We urgently need to get to zero carbon emissions and embark on ambitious drawdown activities, if we are to offer hope to the next generation, writes Sonia Randhawa.
There are times when I feel I’ve been cheated.
By now, yes, we should have flying cars; we should have at least interplanetary travel; and we should have hoverboards. Instead, we have increasing inequality and a hopelessness about the future. One of the most important legacies my parents gave me was a belief that my life would be better than theirs and that my children’s lives would be better yet.
Obviously, this optimism has never been universal. For indigenous people, whether the Aboriginal peoples of Australia or the Orang Asli of Peninsular Malaysia, the trend has been one of increasing alienation of land and culture. And it was mostly a purely material vision rooted in the post-war experiences of hunger, insecurity and lack.
Yet, optimism has driven so much of human culture. It was the lack of an ability to envisage the future or a place for themselves that proved deadly for so many Native Americans at the turn of the last century, when their cultural competence was no longer valued and they could not see how they could pass on the meaning of their lives and their world to future generations.
It would be huge arrogance to imagine that I, as part of the internationally mainstream, dominant culture, could feel alienation in the same way. And yet, I find it increasingly difficult to give my children that hope and optimism that has been such an important part of my life.

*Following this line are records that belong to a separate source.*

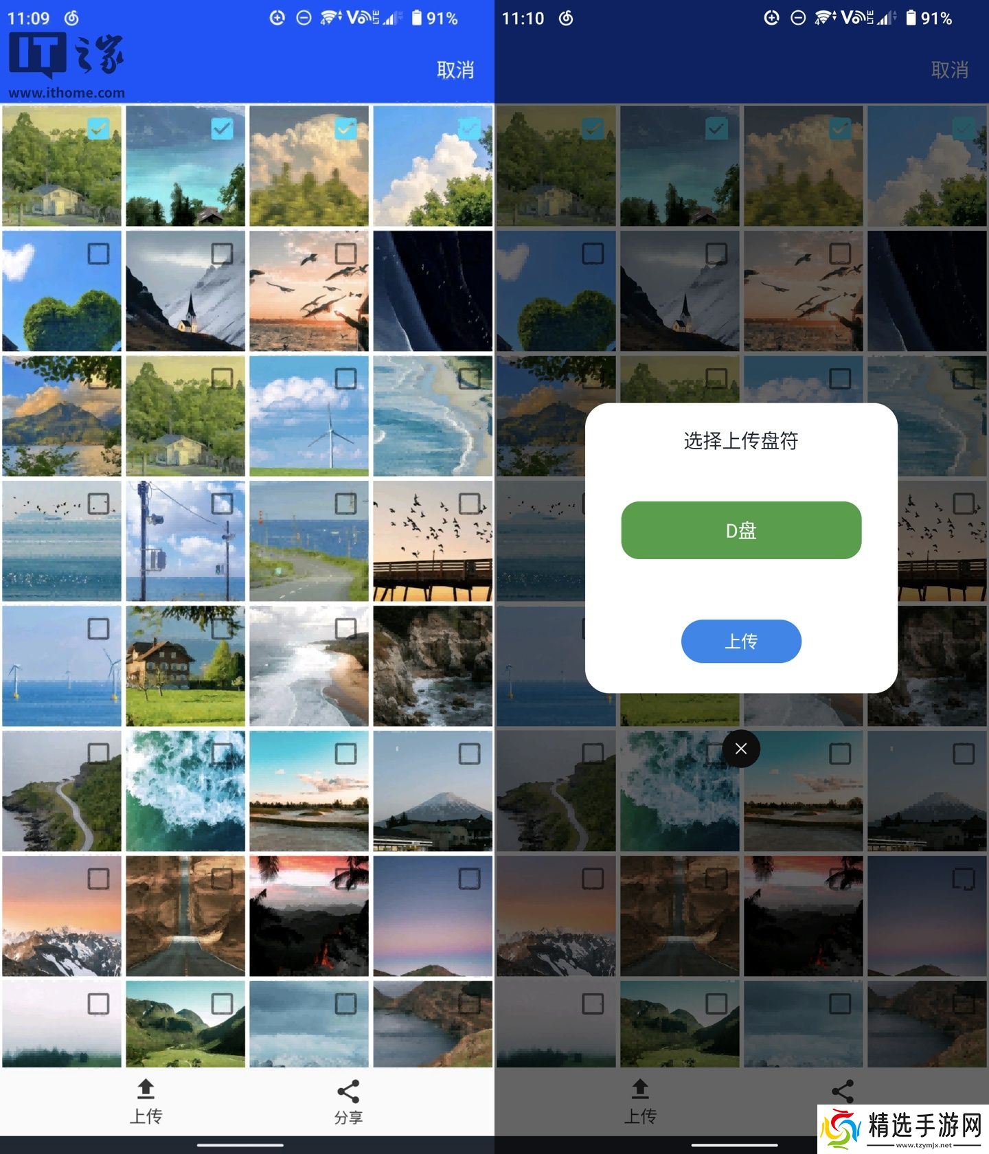 每张图片右上角会出现可勾选方框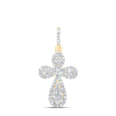 10K Yellow Gold Natural Diamond Cross Pendant 0.50 Cttw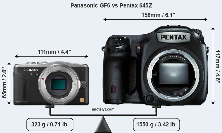 If the front view area (width x height) of the cameras is taken as an aggregate measure of their size, the Pentax 645Z is considerably larger (153 percent) than the Panasonic GF6. Moreover, the 645Z is substantially heavier (380 percent) than the GF6. It is noteworthy in this context that the 645Z is splash and dust-proof, while the GF6 does not feature any corresponding weather-sealing.
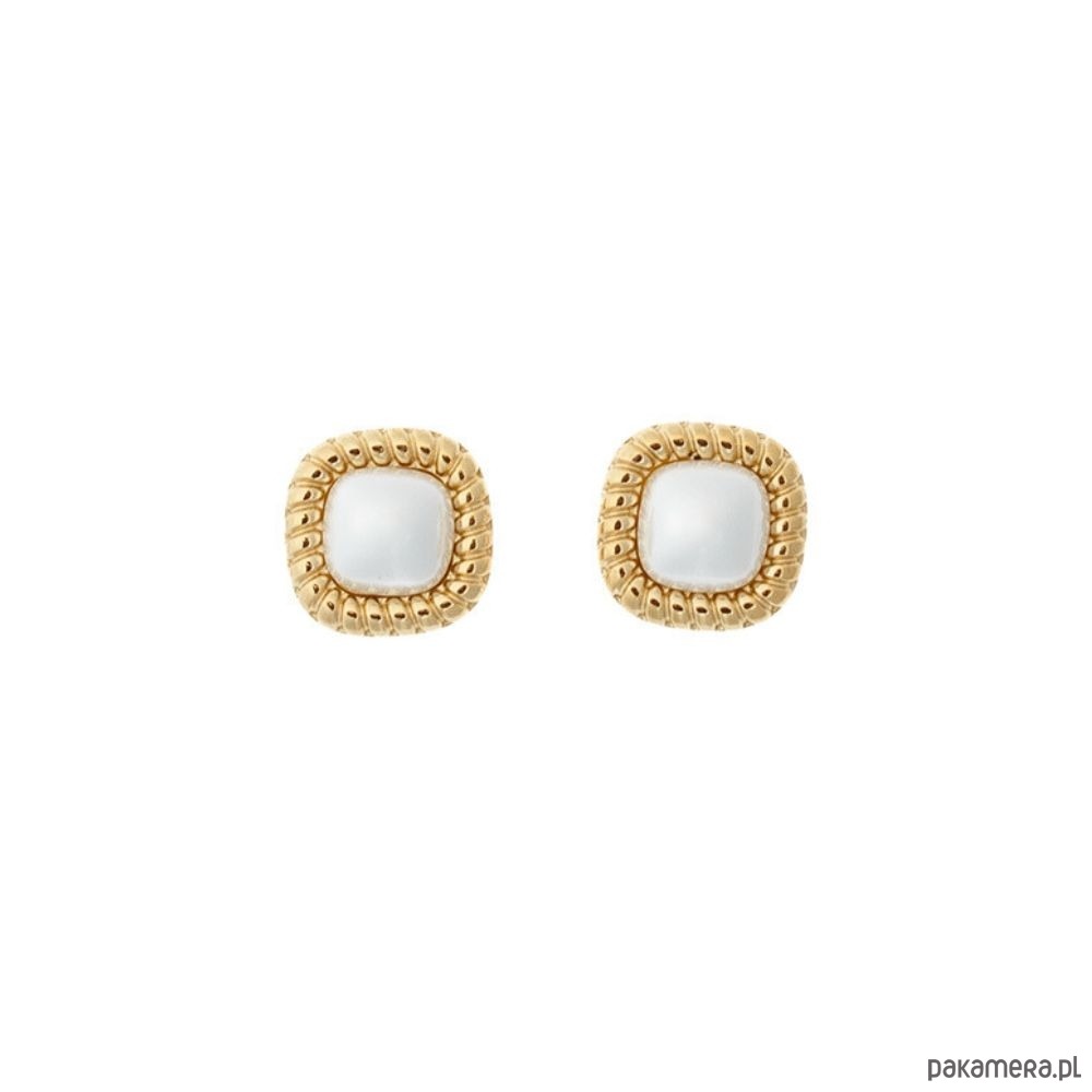 Subtelne kolczyki o regularnej, geometrycznej formie, ozdobione delikatnym perłowym oczkiem osadzonym w pozłacanej oprawie. Starannie wykończona rama nadaje całości eleganckiego charakteru, a miękki perłowy blask wprowadza nutę ponadczasowej klasy.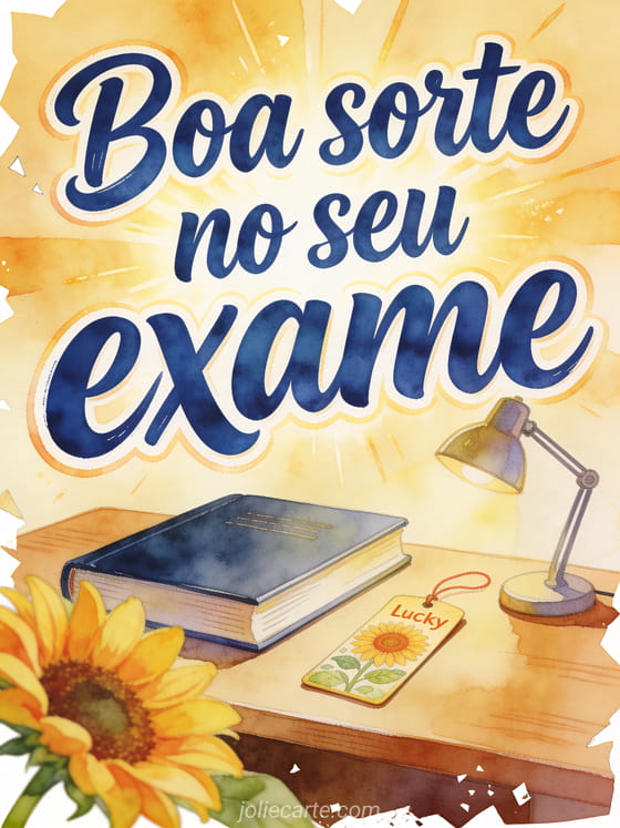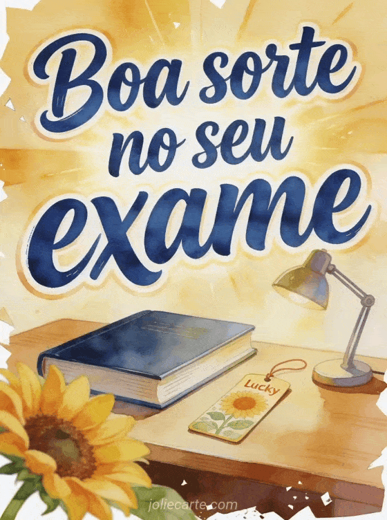 Envie boa sorte exame gifs animados gif com letras cobalto, uma mesa de estudos, um livro fechado, um marcador da sorte, uma lâmpada pequena e um girassol. Veja também uma boa sorte trevo de quatro folhas imagem, um boa sorte novo trabalho cartão ou uma imagem para dizer boa sorte.
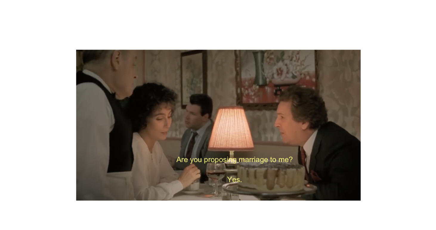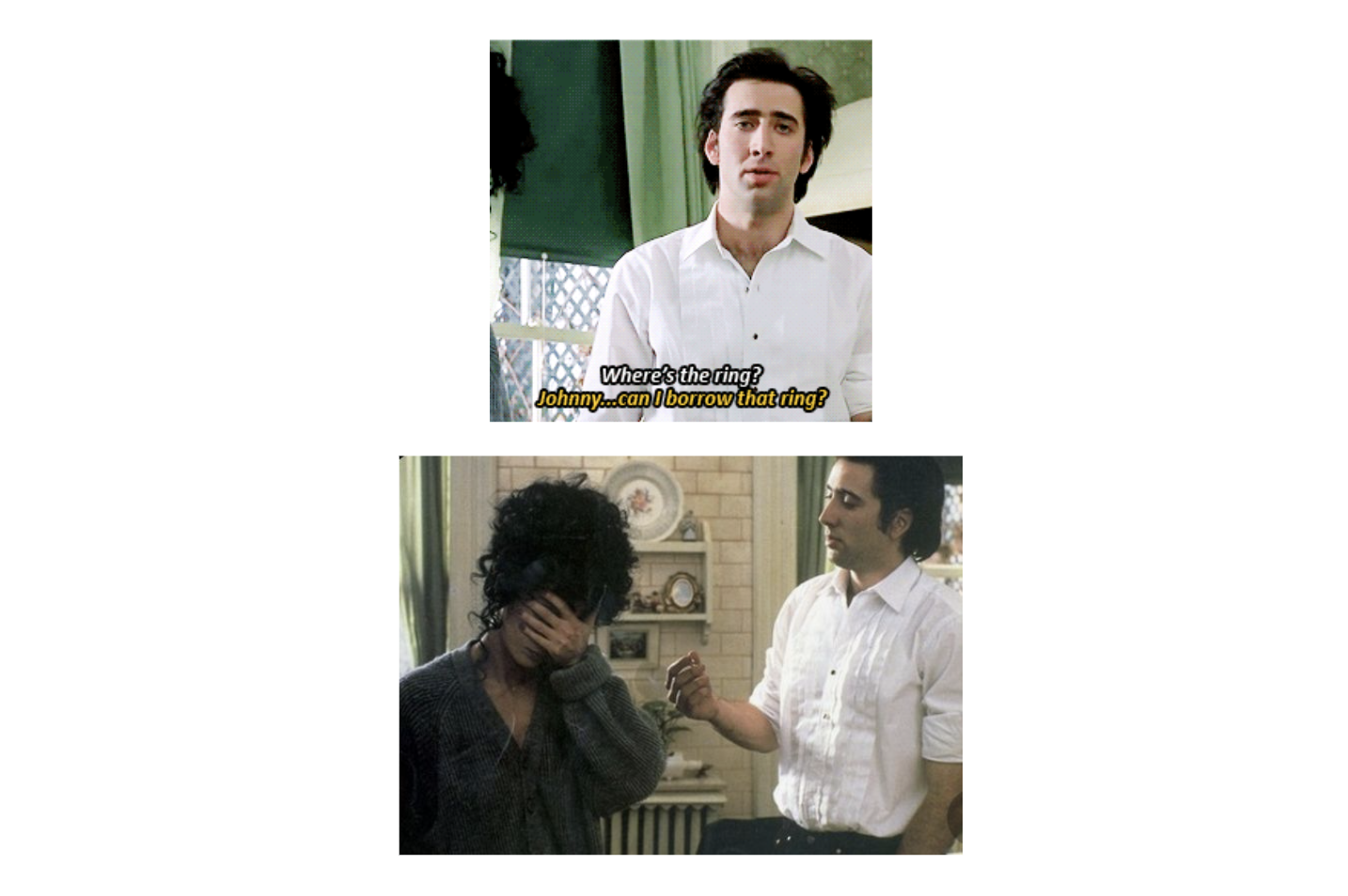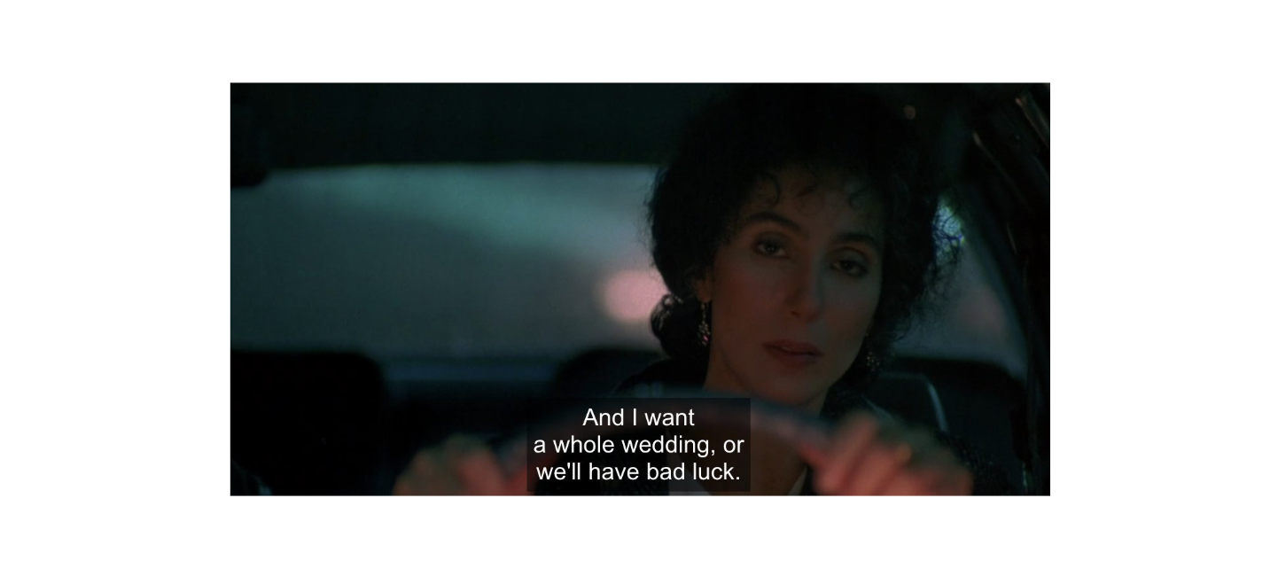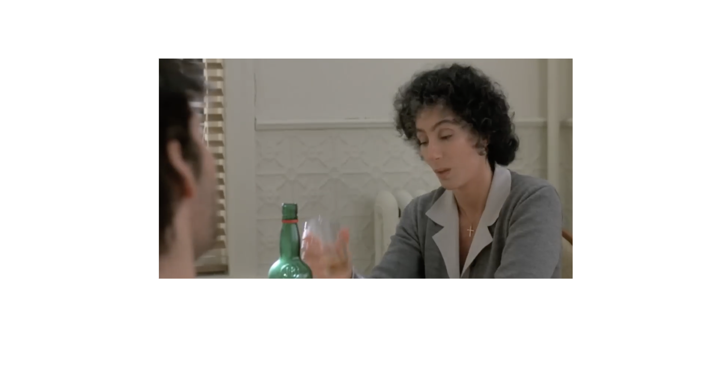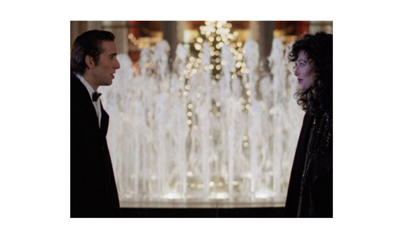 In the opening marriage proposal, Loretta (played by Cher) shares a romantic dinner with her boyfriend, Johnny Cammareri . He asks her to marry him while sitting at the table in the restaurant–but she refuses to consider due to her fear of bad luck. Affectionately, Loretta gives certain conditions for the way in which he asks the question—and all of these conditions are related to her belief that her first husband died because these conditions were not met. So, already, there is a level of 'improvement' involved, and a sort of control that she needs to exert over the situation.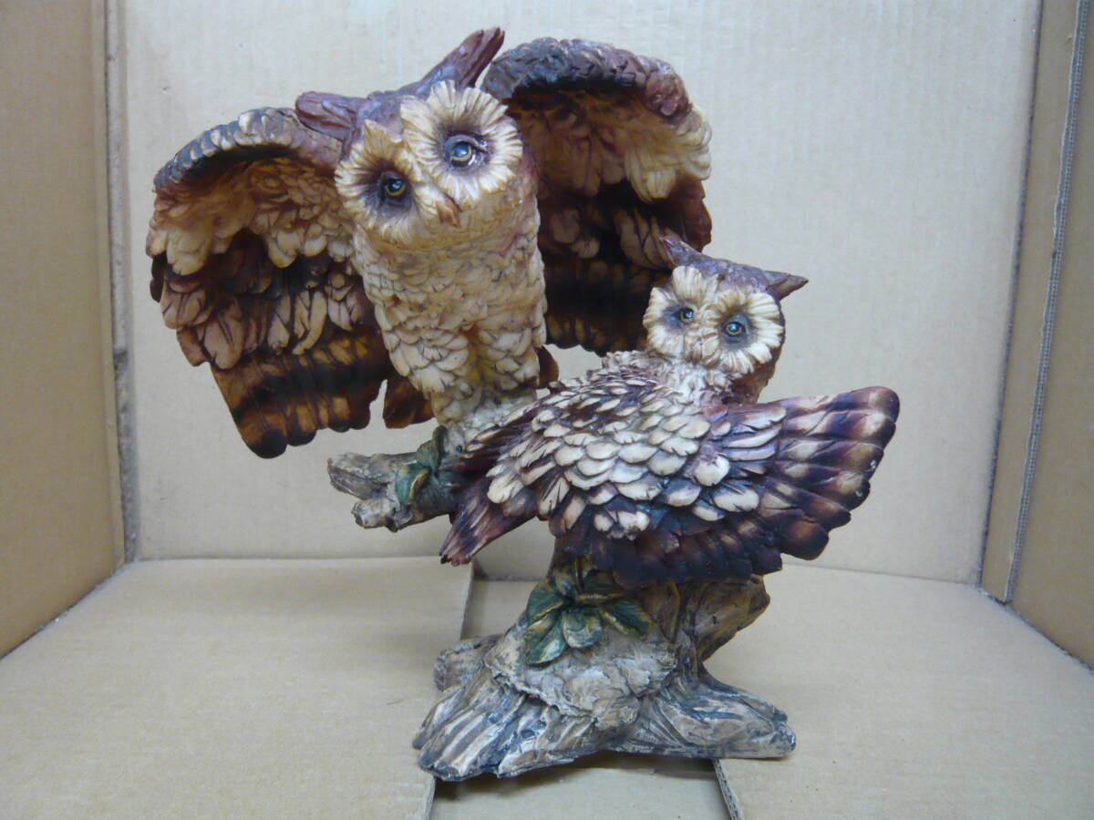 - 【中古品】木にとまる、白と茶色の2羽の木彫りのフクロウ置物 高さ 約23㎝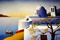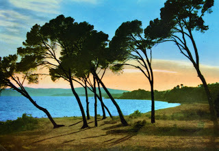 7-16-90Hi Michael,It’s Monday and I’m spending my lunch hour sitting atop a hill overlooking most of Walnut Creek where I sometimes DREAM IMPOSSIBLE DREAMS. I just received the cards you wrote on the plane out of Dallas, TX and mailed from France. I can’t begin to tell you how much I LOVE them! Both cards are so different and VERY much to my taste. The colors in the “Cap Roux” scene draw me into the coastal village with the gentle sea breeze rustling the skirt of my white summer dress. Looking out at the calming sea I know where I want to be…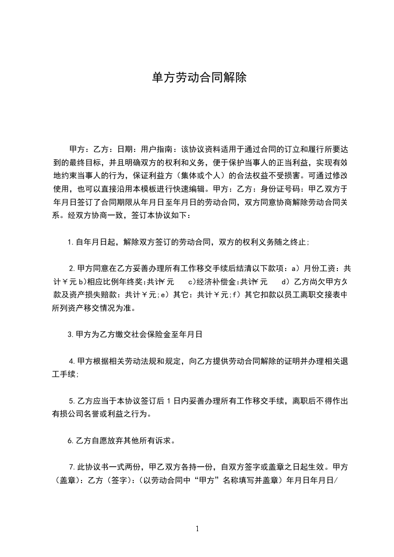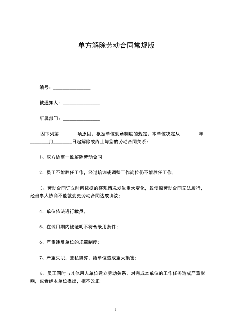 甲方(用人单位):乙方(劳动者):依据《劳动合同法》相关规定,公司依法解除此前您与公司订立的劳动合同(合同期限:________年____月____日至________年____月____日)。解除的理由如下第款: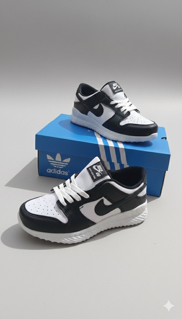 Adidas siyah beyaz renklerde, blok topuklu spor ayakkabısıdır. Kauçuk tabanlı, rahat ve şık tasarımıyla günlük spor ve sokak stiline uygundur.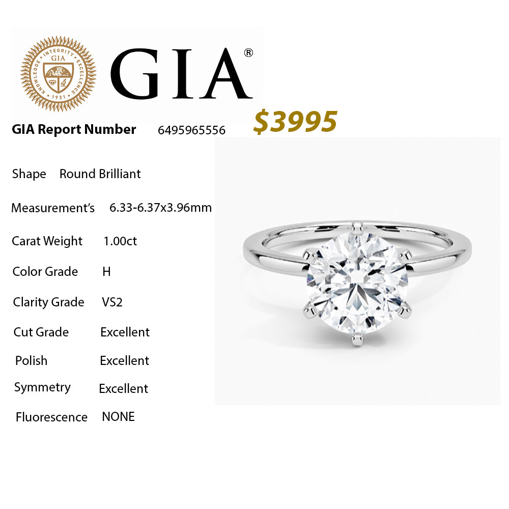 - Diamond Carat Weight: 1.00ct GIA Cert # 6495965556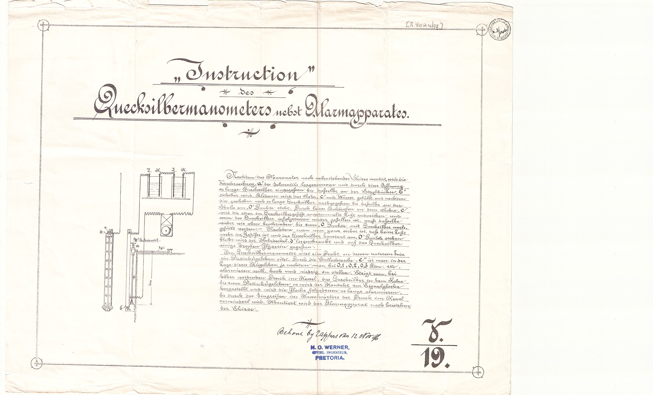 Digitised version of National Archive file S.3/646 of "Instructions des Quecksilbermanometer nebst Marmapparatus" by M.O.Werner, Siviel Ingenieur, Pretoria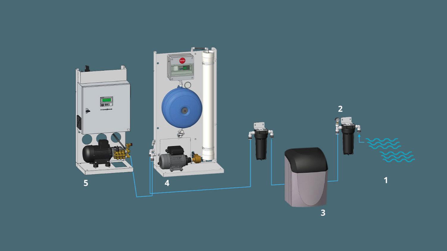 Efter det primære filter behandles vandet i en blødgøringsenhed. Enheden fjerner metalioner som f.eks. magnesium, der optræder som bikarbonator, klorforbindelser og sulfater, som kan give en række problemer med biofilm og galvanisk korrosion.

Instead, we are bequeathing our children a world of fire and smoke. Last year, my pregnant sister and her son were breathing in the smoke from fires in Indonesia. This year, my family is breathing in the smoke from fires across Australia, smoke that is circumnavigating the globe and due back in Western Australia around a week after it left these shores. [And now firefighters are battling a prolonged fire at a landfill in Kedah in northern Malaysia, where rice farmers are already reeling from a drought.]
What’s worse, the fires of 2019, whether in the Arctic and Siberia, the Amazon, Indonesia or Australia – intensified by the global heating caused by the increased carbon dioxide in the atmosphere – are visible feedback loops. As the fires burn, they release more carbon dioxide and other greenhouse gases into the atmosphere, increasing global heating and increasing the chance of fires in the future. These fires are a taste of what will come.
In Australia, the visions have been apocalyptic. Darkness spreading at dawn as the smoke from the fires blanketed towns. A 19-year-old woman dying from asthma in her bed, prolonged exposure to the dust and smoke the most likely culprit. Over a billion animals dead, the survivors at risk of starvation in a landscape scorched bare.
The land that has burned has included acres upon acres of farmland – land that produces the food that the cities rely on. Although we aren’t faced with a situation of food insecurity, the rising prices of fresh fruit and vegetables are going to put healthy food out of reach of the poorest in society.
The smoke is already taking its toll on the young. There have been stories shared on both social and mass media about miscarriages and premature births, possibly linked to the smoke from the fires.
In these circumstances, the need for concerted political action has become more visible. A world of 1.5C warming would see even more of these catastrophic fires: It is unlikely that a world of 1.5C warming would stay there. We are already outside any safe climate zone; there is no carbon budget.
We need to urgently get to zero carbon emissions and embark on ambitious drawdown activities. In these, Malaysia has a natural advantage. The warm, wet climate is ideal for growing things, the oldest and most important form of wealth. Malaysia is already at the forefront of the solar industry; it can also be at the forefront of drawdown.
If we are to bequeath at least a safe future to our children, we need to be exploring these initiatives. But we cannot do this while our politicians focus on the chimera of economic growth and increasing exploitation of nature. We need concerted political change, concerted political effort – and then, perhaps, our children will be able to offer their children the most precious gift of all: hope.